Home Posts Topics Members FAQ

Join Bytes to post your question to a community of 473,395 software developers and data experts.

Xerces and .NET System.Xml

Hi everybody:

I do not know if this is the correct list to a very specific
implementation problem, but if you can help me, it would be great! :)

I have one application that builds a Xml that contains some strange
characters:

std::string str = "Code = ";
str += '♦'; //strange character ASCII 4

and I serialize the Xml using Xerces and Xerces writes something like
(no matter the encoding I am using; I tried iso-8859-1; utf-8; utf-16,
etc.)

<XmlTest>
Code = ♦
</XmlTest>
But when I want to load this Xml using the Microsoft .NET
System.Xml.XmlDocument, I get an:

"Invalid character found" exception and the XML cannot be loaded.

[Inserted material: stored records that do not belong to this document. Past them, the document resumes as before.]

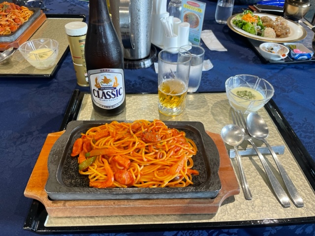 着換えて、レストランへ。クラシックを飲みながら、ナポリタンを食し、少し練習グリーンで球を転がして南のアウトから。3組でしたが、私たち3名はセルフになりました。ま、しょうがない。青からと思ったが白が良いとのことで白で行くことに。
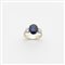 Anello in oro bianco e giallo con due diamanti rotondi taglio a brillante per totali ct 0,70 circa, ed al centro uno zaffiro ovale taglio composito di ct 4,50 circa g. 5,30 misura 21/61 Bi-coloured gold sapphire and diamond cluster ring
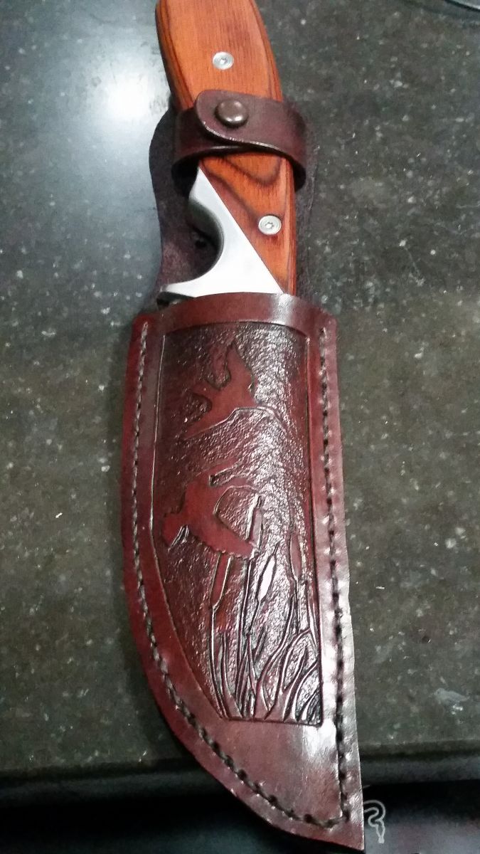 My first sheath I am pleased with the results all hand cut, carved, stitched and dyed.
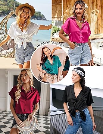 Ekouaer Silk Pajamas for Womens Set 2 Piece Satin Pjs Soft Button Down Sleepwear Wide Leg Long Pants with Pockets
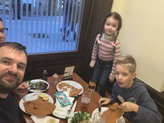 The food was absolutely wonderful, especially potato salad and certainly schnitzel. Service was awesome and ... Więcej The food was absolutely wonderful, especially potato salad and certainly schnitzel. Service was awesome and waiter was very accommodating. They always serves the foods at the right time, after ordering for them, without keeping us waiting and hungry.
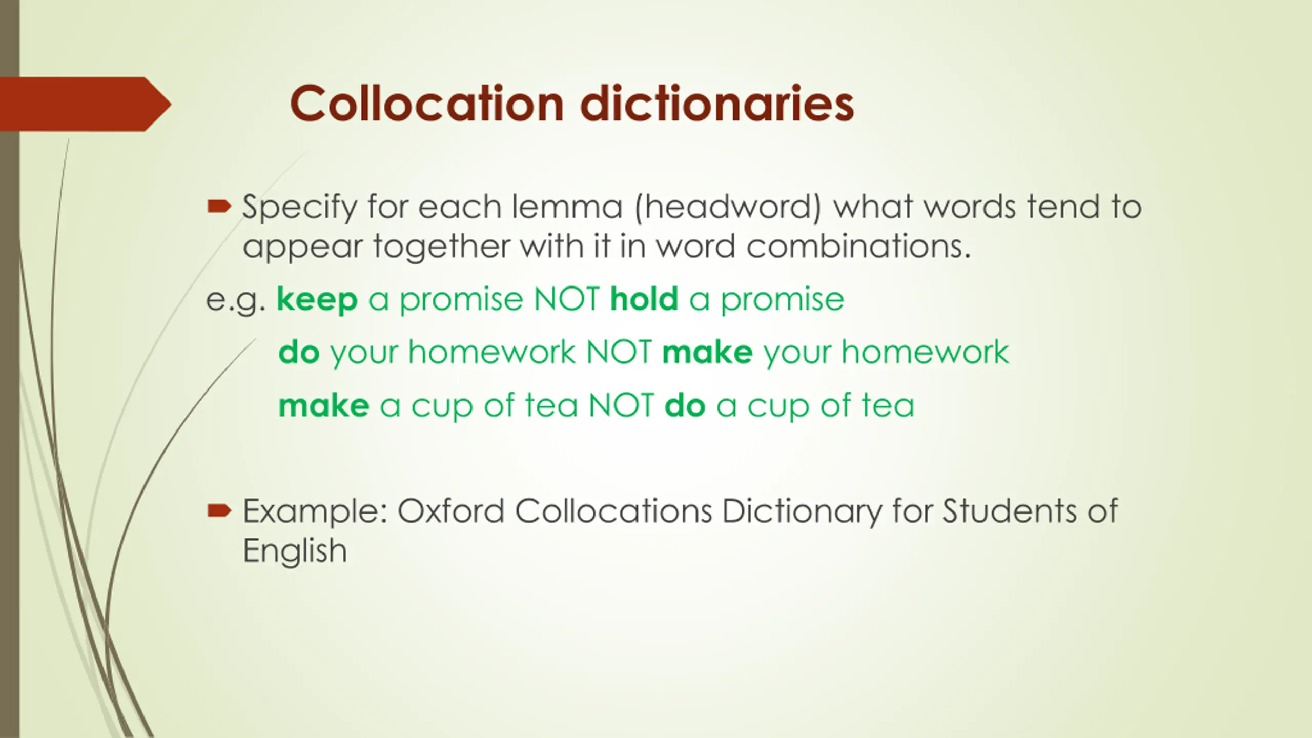 Collocation dictionaries Specify for each lemma (headword) what words tend to appear together with it in word combinations. e.g. keep a promise NOT hold a promise do your homework NOT make your homework make a cup of tea NOT do a cup of tea Example: Oxford Collocations Dictionary for Students of English
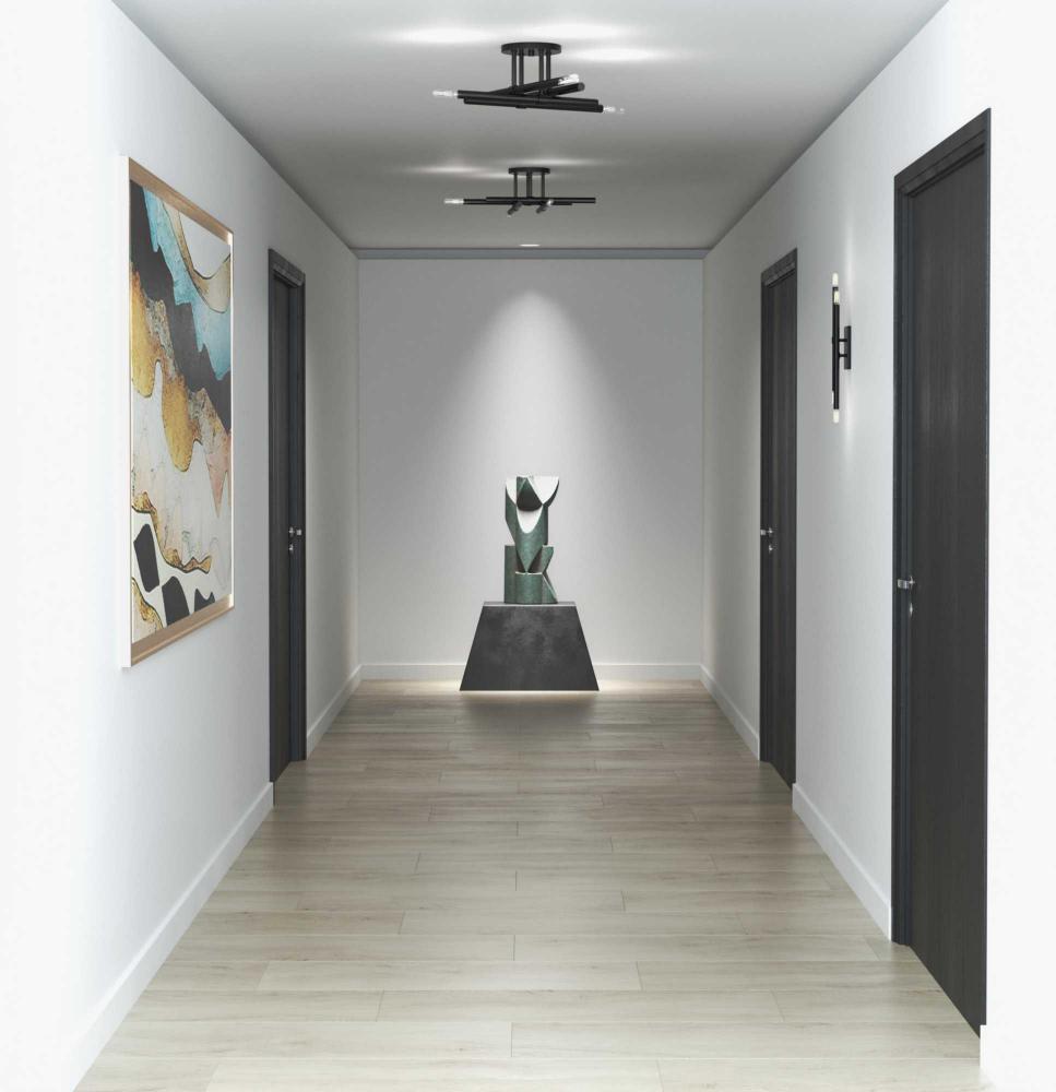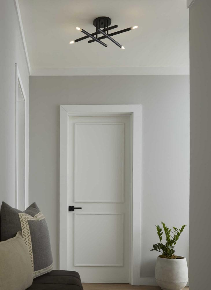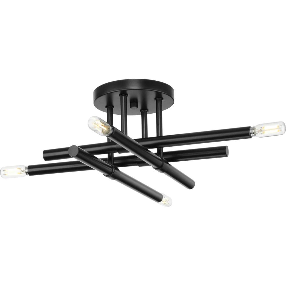 The Arya Collection has a lively essence created by the rhythm of slender, graceful features. The style offers modern appeal with understated elegance.Staggered arms coated in matte black are suspended from a central axis, defining this bold architectural form. The semi-flush mount light brings a modern flair to ceilings in bedrooms, halls and home theaters and living rooms in luxe, mid-century modern and contemporary settings. This fixture is part of the Progress Lighting Design Series, a lighting collection offering fashionable styles and affordable luxury lighting for the home.
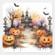 Adesivo Quadrado Spooky Haunted House Pumpkins Halloween
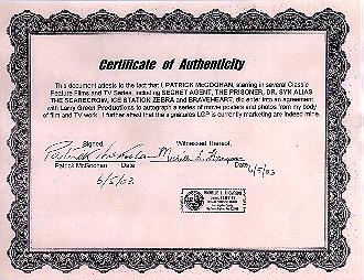 All items are hand signed by Patrick McGoohan and come with a copy of our "Certificate of Authenticity", Notarized and signed by Patrick McGoohan!
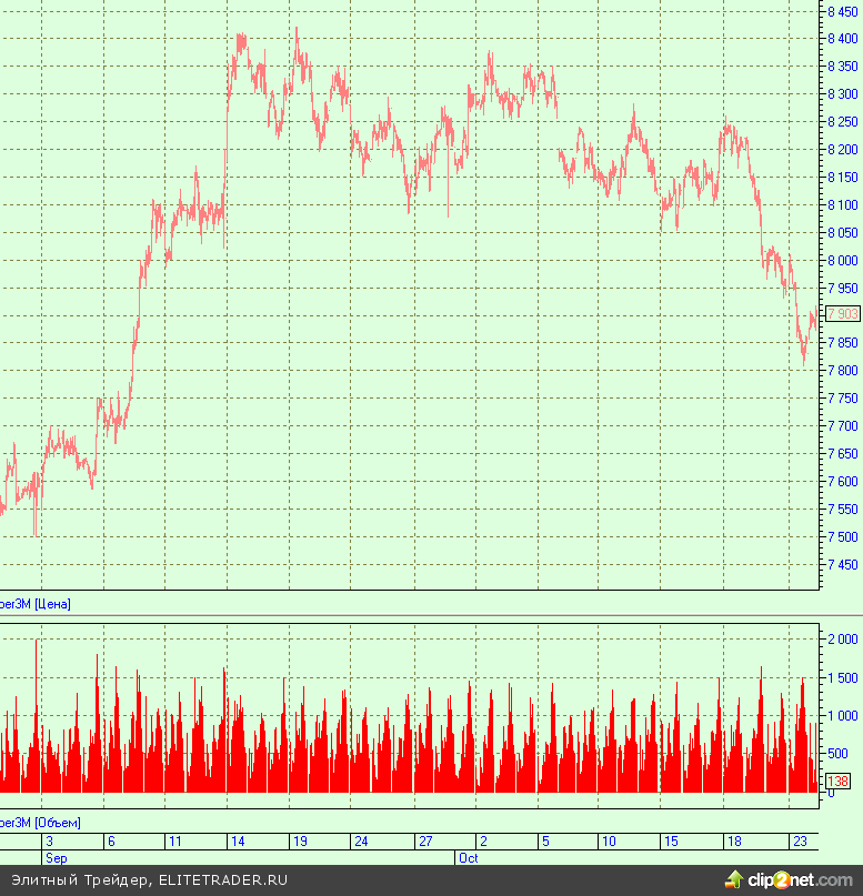 В среду были опубликованы сильные данные по индексу PMI КНР – показатель вырос в октябре с 47.9 до 49.1 пунктов, при этом индикатор растет уже второй месяц подряд. Китай является ключевым потребителем металлов, поэтому котировки commodities сразу отреагировали на статистику. Трехмесячные фьючерсы меди, которые вчера приблизились к отметке двухмесячной давности - $7800, сегодня утром отскочили до $7900.
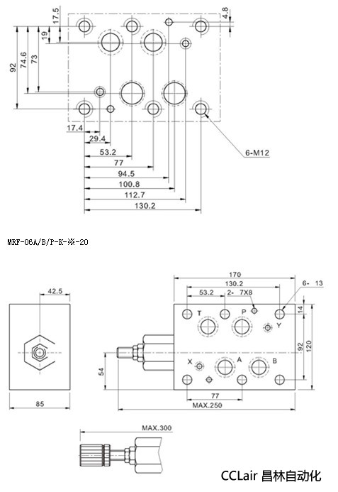 四、MRF疊加式溢流閥安裝尺寸:
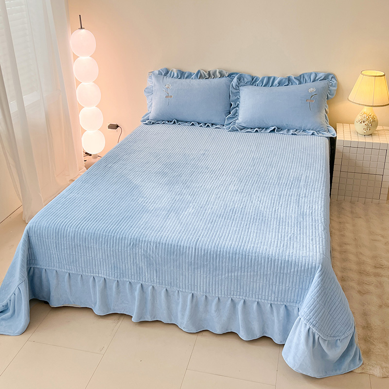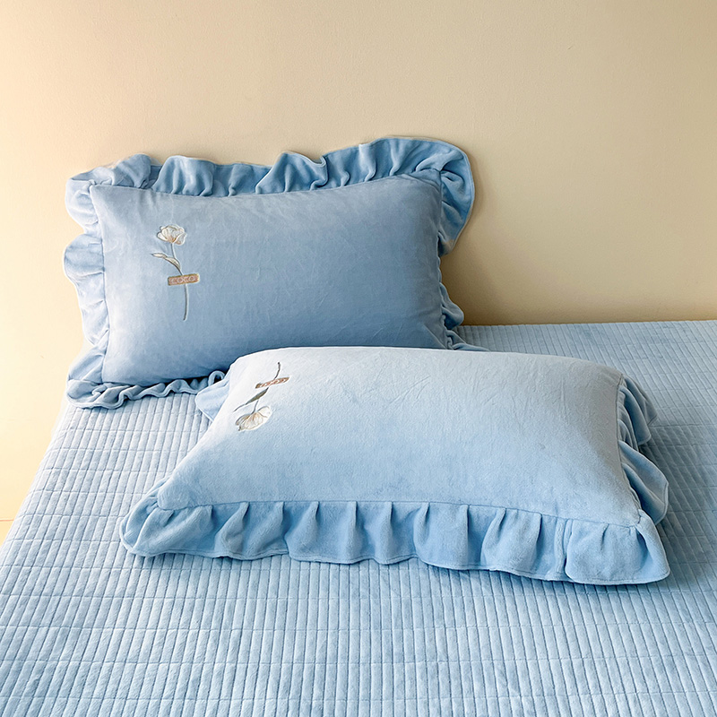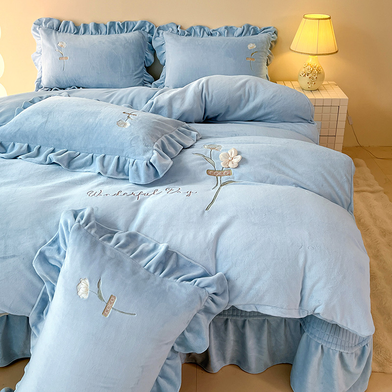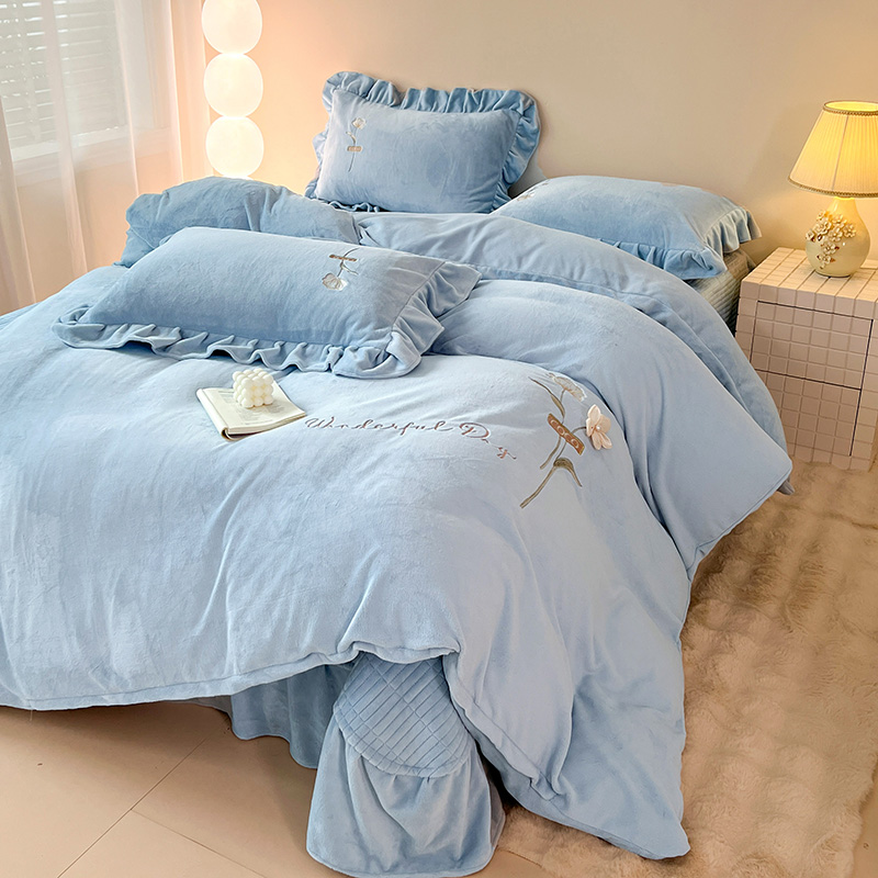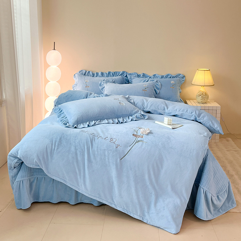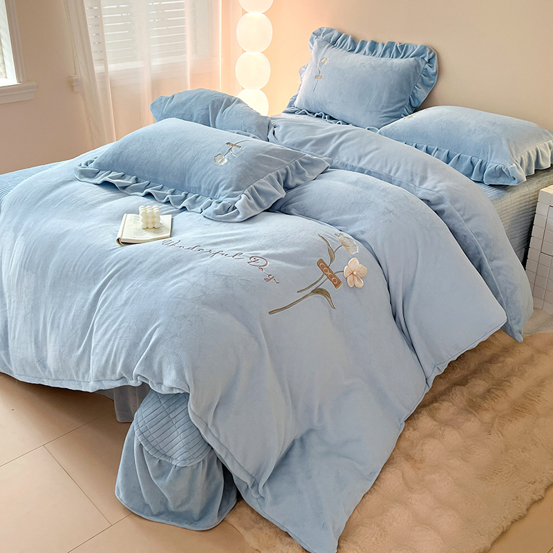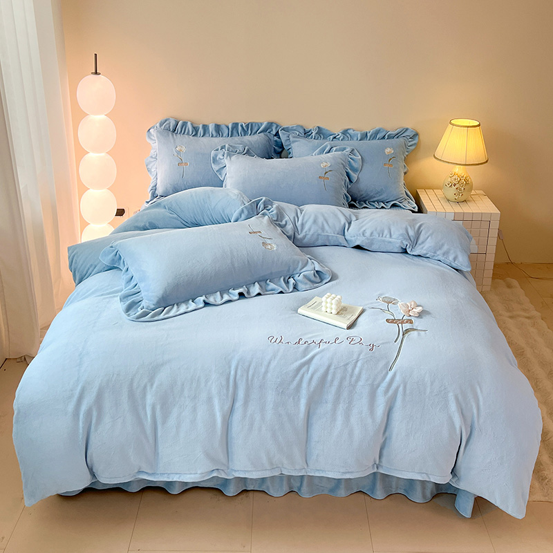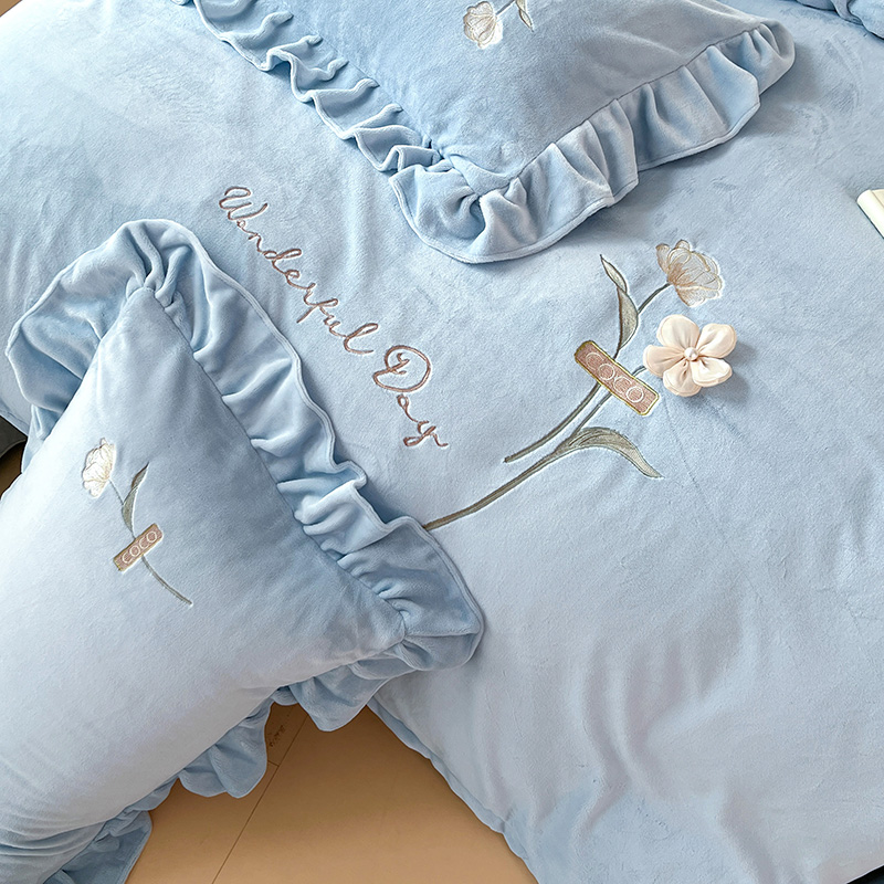 商品名称:梦莱斯 2025新款全消光床盖款牛奶绒刺绣四件套-山茶花 山茶花-天蓝
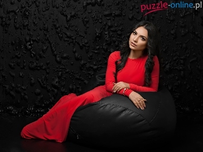 Puzzle Suknia, Brunetka, Czerwona, Pufa

What is wrong here? If I try to serialize the same String using the MS
implementation, I get a:

<XmlTest>
Code = &x4;
</XmlTest>

Jun 27 '08 #1
5 3017
Ernesto Bascón Pantoja wrote:
I have one application that builds a Xml that contains some strange
characters:

std::string str = "Code = ";
str += '♦'; //strange character ASCII 4
ASCII 4 is not allowed in XML 1.0 and only allowed as numeric character
reference in XML 1.1 I think.
Why do you want to put such characters into your XML documents?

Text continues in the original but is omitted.